Still, Mark Erdman, spokesman for the Fraser River Port Authority in Vancouver, says it is "pretty tough" to secure a port due to the myriad modes of transportation in and out of a facility.
"You've got rail transit, road transit and water transit. We work with a lot of monitoring and cameras and security at the gates, and you can control it to a degree, but someone who is really determined to get in and wreak havoc will probably get in and wreak havoc," Erdman says. "You look at 9/11 and nobody foresaw that people would consider flying an airplane into a building."
The Fraser River port has 270 kilometres of shoreline to guard, which includes the river plus three deepwater ports. Nevertheless, Erdman says, the Canadian ports are spending millions and working closely with the federal government to secure their facilities.
North American railways have also "excelled" in making the sector secure, according to security expert Flemming.
Canadian Pacific Railway (CPR) spokesman Ed Greenberg says since 9/11, North American freight railroads have developed a progressive series of security measures and are constantly looking to enhance procedures as the threats change.
Installing surveillance and monitoring technology and protecting sensitive information on the transportation of regulated commodities - or hazardous goods - are examples of how CPR and other railways try to keep the rails safe, he says.
CPR also has its own "highly trained" police service that patrols the company's rail lines and yards, he adds.
"Our employees ... all receive regular training from our police service in terms of being more aware of this sort of issue. That's part of the plan, but we have a number of other security and survey measures that I can't go into publicly."
Nor does CPR want to speculate out loud about the kinds of threats it faces.
"Let me just say that our police service is working with RCMP, local police agencies and customs agencies on both sides of the border. We're all very aware of any (threat) issue that is out there in the world today," says Greenberg.
Meanwhile, opportunities abound for sharp entrepreneurs able to develop high-tech security equipment.
The worldwide market for airport security services alone is about $60 billion, says John Reid, president of the Canadian Advanced Technology Alliance (CATAAlliance) - a coalition of Canadian high-tech companies.
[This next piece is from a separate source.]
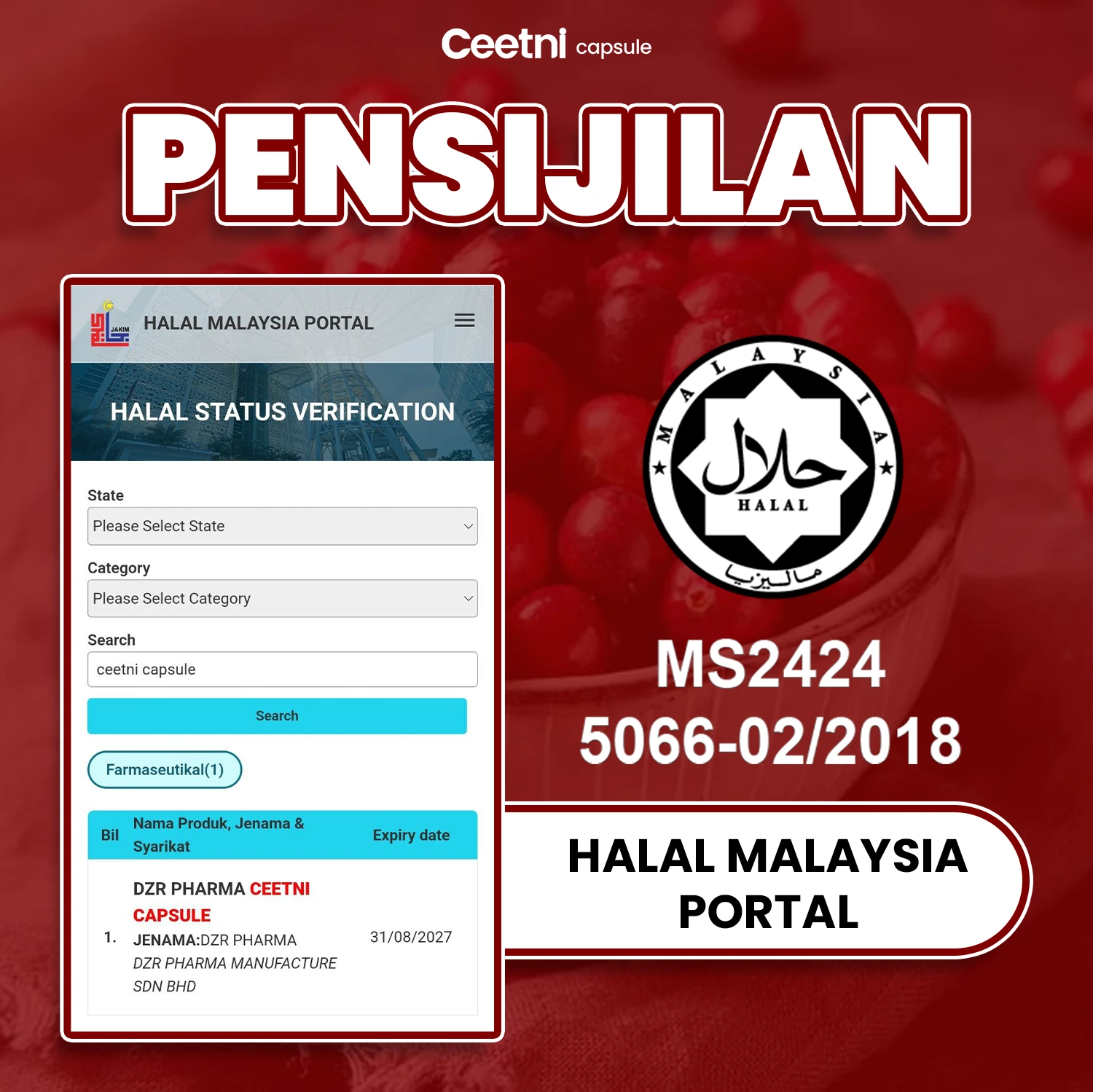 Ya, Ceetni capsule telah mendapatkan kelulusan HALAL dari JAKIM boleh check di website rasmi eHalal JAKIM

He says while Canada is largely a niche player within the global industry, it does have some core strengths.
"We've got some robotic applications, sensor devices, radio tag identifiers ... there are pockets of excellence" in Canada, Reid says. "It's a significant opportunity because everything is a global market, so if you're going to pick areas where you're going to develop new niche expertise, that could be taking an existing product and seeing whether it could be applied to airport security."
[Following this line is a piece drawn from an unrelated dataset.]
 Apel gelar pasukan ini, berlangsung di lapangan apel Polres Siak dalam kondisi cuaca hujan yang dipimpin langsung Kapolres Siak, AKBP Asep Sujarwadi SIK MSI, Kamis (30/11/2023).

Ottawa-based Frontline Robotics is just one Canadian company that recognized opportunities in the transportation industry early on. Among its products are mobile, intelligent robots to detect terrorist threats.
The company is testing its system in Korea and will soon begin trials at Ottawa's international airport. Frontline is also in talks with "a major airport" south of the border, says company CEO Rob Richards.
Richards says with hundreds of airports in North America and thousands worldwide, opportunities for companies like his abound, especially in today's geopolitical landscape.
"It's a huge market, given the world we live in - unfortunately - where there's an elevated level of threat, and transportation infrastructure is high on the list of terrorist targets because it has such an impact on economies," he says.
The company, which began operations early in 2001, looks forward to wrapping up its trials this year and to begin rolling out commercial products by 2007.